The Robertson Program has just returned from an inspiring visit to two of our partner schools in Northwestern Ontario! Seven team members from OISE, including Kindergarten teacher Carol Stephenson from the Dr. Eric Jackman Institute of Child Study, collaborated with our partners in this research and professional development experience.

Our first stop was Pegamigaabo School in Big Grassy First Nation with Principal Lyn Blackburde and Seven Generations First Nation Student Success Program teachers Aimee Beazley and Shelly Jones. We had the great pleasure of continuing to collaborate with teachers Jane Tom, Caitlyn Lorenz and Chris Johnson to create engaging math lessons. They always impress us with the innovative math activities they invent – all of which strengthen students’ spatial thinking and number sense, providing a really strong foundation for overall achievement in mathematics.

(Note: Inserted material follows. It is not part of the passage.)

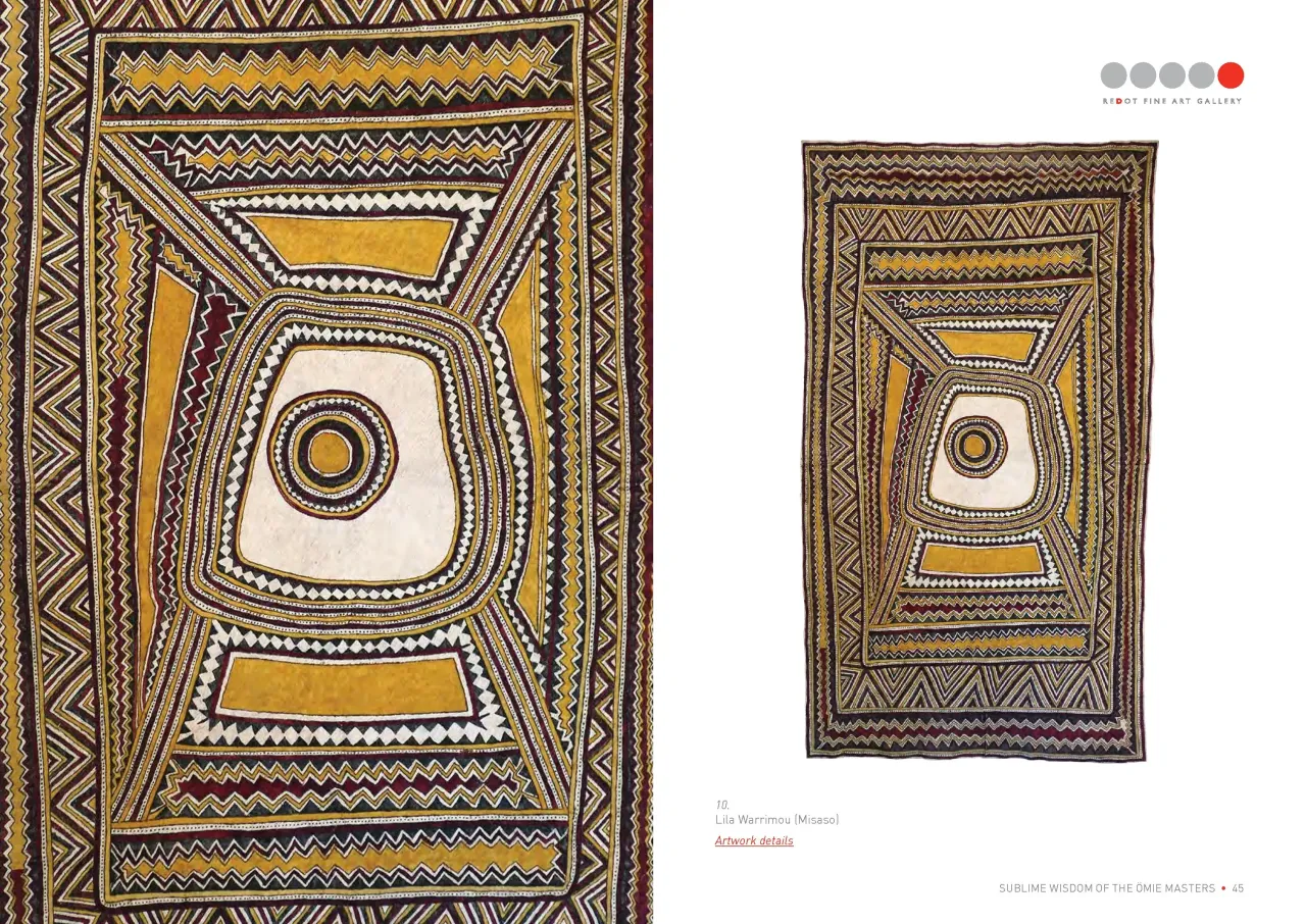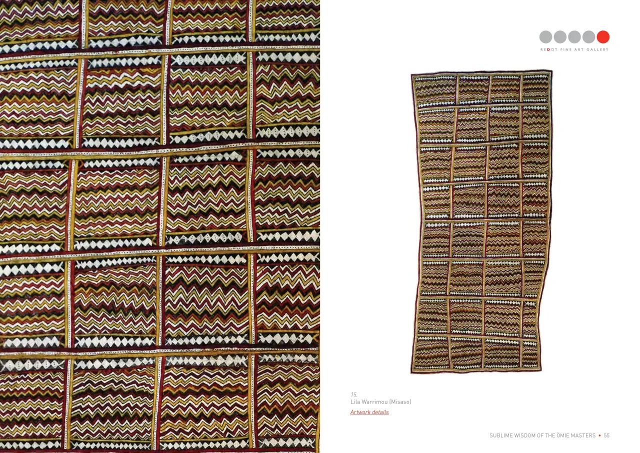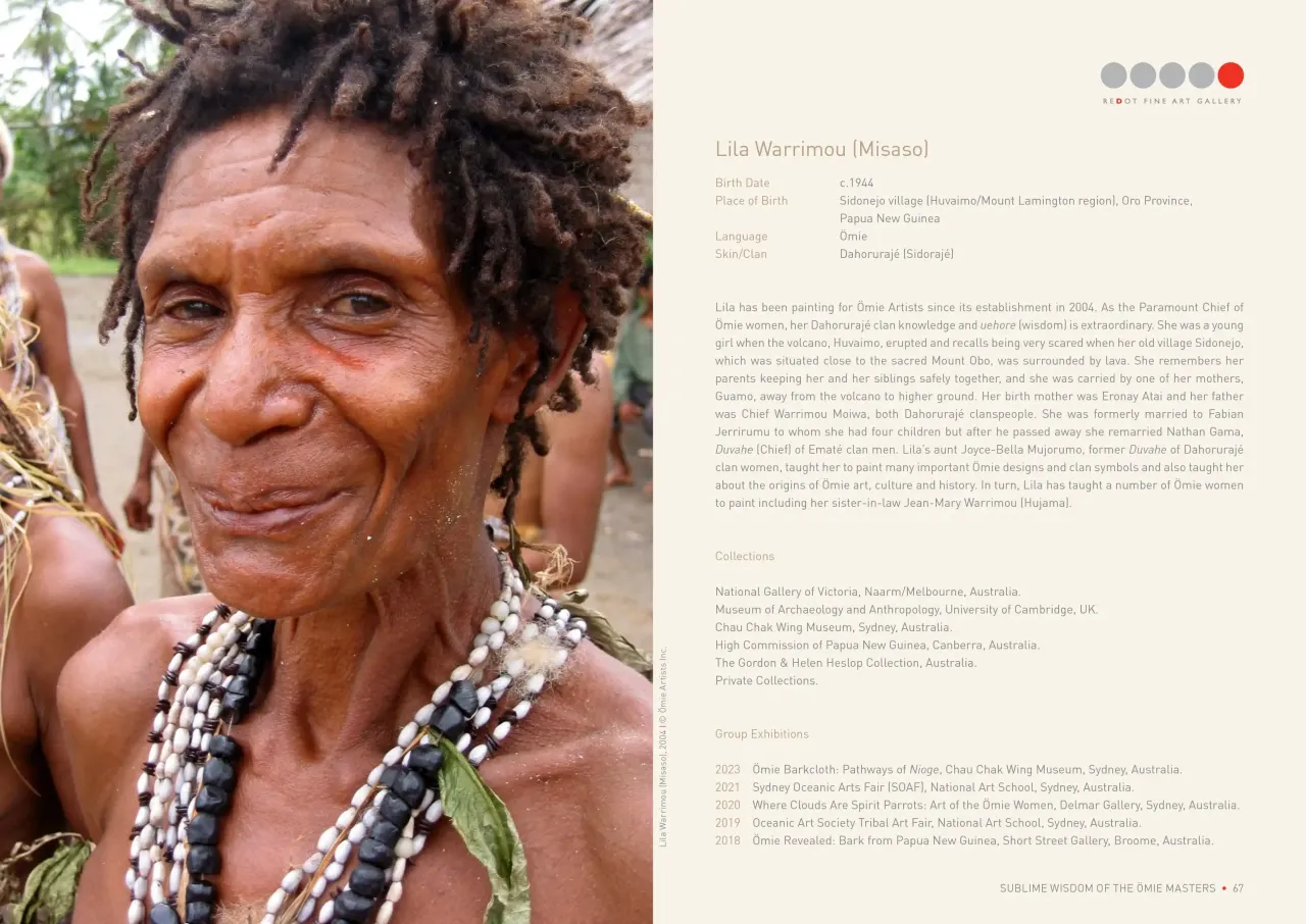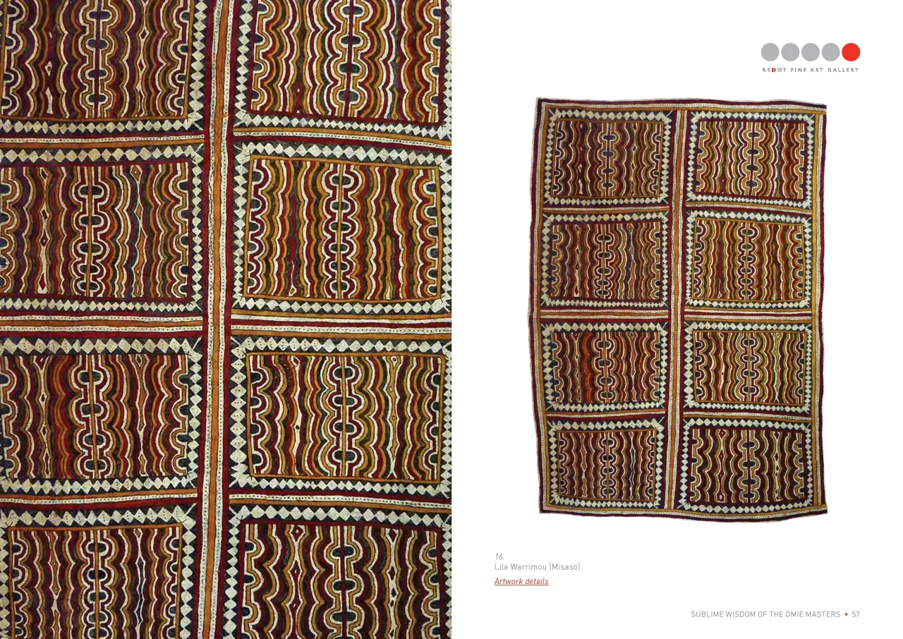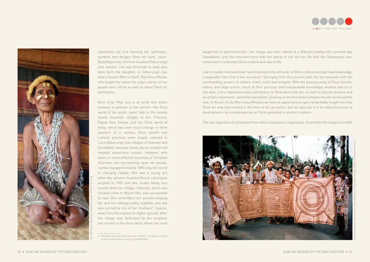 ReDot Fine Art Gallery is honoured to present our latest exhibition, ‘Sublime Wisdom of the Ömie Masters: The Final Release of Works by Brenda Kesi (Ariré) & Lila Warrimou (Misaso)’. This exhibition follows on from the momentous show, ‘The Art of Isawdi (Fate Savari)’, which we presented in 2021/2022, in Singapore and then to critical acclaim at Delmar Gallery in Sydney. This new exhibition features six rare and previously unreleased mud-dyed barkcloth works by Brenda Kesi (Ariré) [born circa 1937], along with twelve similarly unseen, barkcloth works by Lila Warrimou (Misaso) [born circa 1944], who is the Paramount Chief of Ömie women.

Paper Folding/Hole Punch Visualization Activity

In Jane’s Grade 1/2 class and Chris’ Grade 3/4 classroom, we played the “Paper Folding/Hole Punch Game.” For this activity, the children watched as we folded a piece of paper in half and used a hole punch to punch one hole in the paper.

Chris leading his Grade 3 class in the Hole Punch Game

Chris’ Grade 3 class show their solutions in the Hole Punch Game

We asked children to visualize what the piece of paper would look like when we unfolded it. Children were highly engaged in this activity, discussing their predictions and visualizations. They eagerly asked for increasingly difficult challenges.  We presented the work to children as a visualization activity, but the children soon turned it into an exercise on doubling and quadrupling, as well as basic counting and skip counting.

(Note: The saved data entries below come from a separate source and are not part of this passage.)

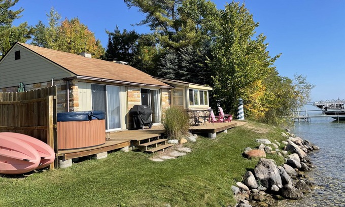 THE SPACE: Enjoy the peace and tranquility of Mullett Lake at this cozy 2-bedroom, 1-bath Mullett Lake cottage, offering Stunning & breathtaking views of the lake and all the necessities for a lake lover's retreat with Air Conditioning in those hot summer months. Nestled minutes or seconds! from golf, biking, and hiking trails, adventure is a short drive away. Discover downtown Topinabee or neighboring Indian River, just minutes from your door. Come home to your cozy home away from home for a family BBQ on the deck or, if it's a clear night, some jaw-dropping stargazing or Northern Lights from the fire pit beach side or hot tub!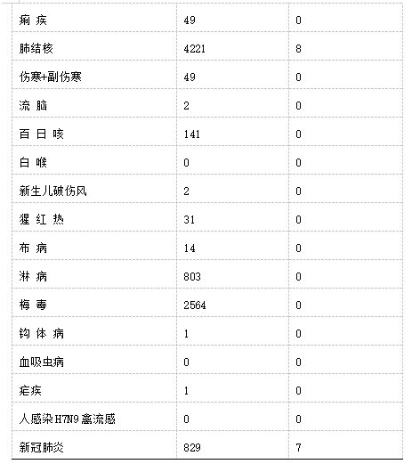 其中,甲類傳染病無報(bào)告,乙類傳染病甲類管理的新冠肺炎報(bào)告病例829例。乙類除傳染性非典型肺炎、脊髓灰質(zhì)炎、人感染高致病性禽流感、狂犬病、炭疽、乙腦、白喉、血吸蟲病、人感染H7N9禽流感無發(fā)病、死亡報(bào)告外,其余18種傳染病均有病例報(bào)告。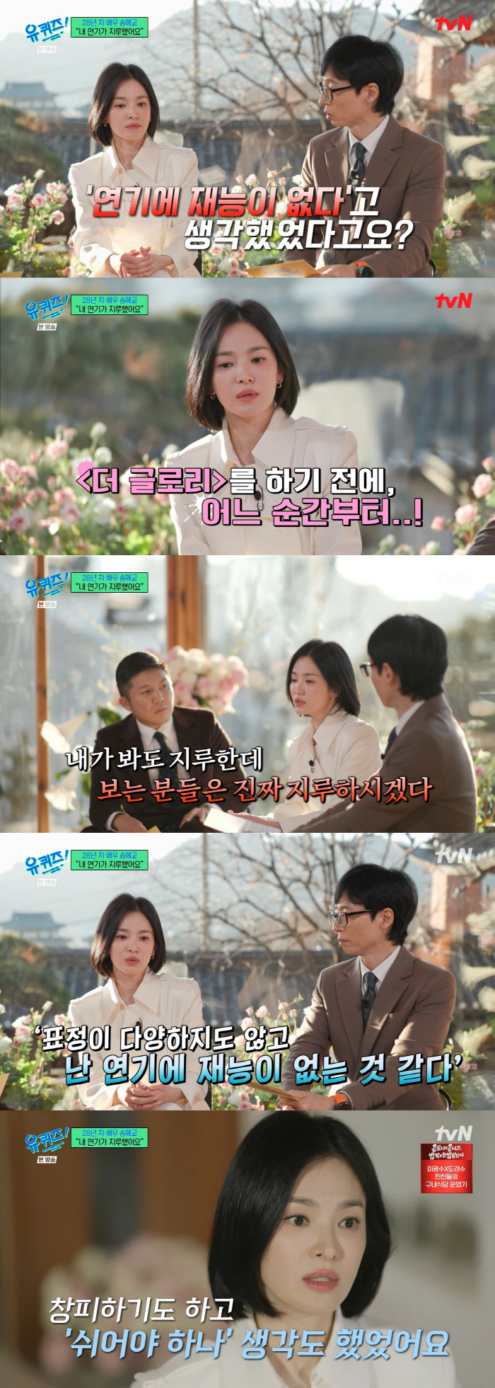 이에 유재석은 "살면서 본인 스스로에게 자책하게 되는 순간 엄청 자책하게 되지 않냐. 송혜교 씨에게도 그런 계기나 시기가 있었냐"라고 물었다.

Check out the visualization challenge below from Jane Tom’s Grade 1s. Why not try it in your own class? We’ve recently revised the hole punch lesson. Download the Hole Punch Lesson slides and Hole Punch Lesson answers.

Jane’s class shows you where the hole punches are when the paper is folded up

Jane’s class reveals where the hole punches are when the paper is unfolded

This activity can be found on page 94 of M4YC’s spatial reasoning textbook: Taking Shape: Activities to Develop Geometric and Spatial Thinking.

Quick Image Challenges

Jane creates such interesting quick image challenges for her Grade 1/2 students. During this visit, Jane used the Smartboard to briefly show her students a 3D object made of cubes. The children recreated the image on their own using their own 3D cubes. Other challenges by Jane allowed children to demonstrate their understandings of spatial perspectives, including composition, symmetry and transformations. We were so impressed with the way the children enthusiastically took up the quick image spatial activities.

Shoe Sorting and Graphing

Carol Stephenson helped lead a graphing activity in Caitlyn’s Kindergarten classroom, which required the children to remove one shoe. Then the students counted the shoes, sorted them into shoe type and graphed their results. The children were so excited to use their own materials to develop mathematical representations.

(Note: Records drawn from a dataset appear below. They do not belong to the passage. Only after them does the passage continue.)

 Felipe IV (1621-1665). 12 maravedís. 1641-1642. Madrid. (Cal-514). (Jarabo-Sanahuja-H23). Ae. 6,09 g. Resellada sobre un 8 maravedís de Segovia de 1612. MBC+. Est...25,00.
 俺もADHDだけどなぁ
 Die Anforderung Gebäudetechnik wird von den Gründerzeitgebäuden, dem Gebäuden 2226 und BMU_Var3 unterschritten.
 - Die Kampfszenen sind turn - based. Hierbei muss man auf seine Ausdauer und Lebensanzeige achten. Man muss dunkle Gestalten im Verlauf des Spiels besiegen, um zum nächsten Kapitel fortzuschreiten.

Bev Caswell and a Pegamigaabo Kindergarten student look at the shoe graph which is placed at students’ eye level for easy access

Pegamigaabo Kindergarten teacher Caitlyn Lorentz works one-on-one with a student composing and decomposing 2D shapes

Family Math Event

We also held a lively Family Math Event with such a wonderful community turnout. Our friends and colleagues from the University of Toronto Engineering Outreach team joined us for the evening and brought interactive activities that explored gravity, circuits and chemistry.

Miigwech to Pegamigaabo Principal Lyn Blackburde for hosting these exciting days of learning! Miigwech to all of the educators we work alongside, as well as Seven Generations Education Institute educators Shelly, Aimee and Kim Kirk, for organizing the visit! Many thanks to Richard Messina, Chriss Bogert, and Carol Stephenson of the  Dr. Eric Jackman Institute of Child Study Lab School for their ongoing support.

The Robertson Program team feels very fortunate to be part of this amazing school communities!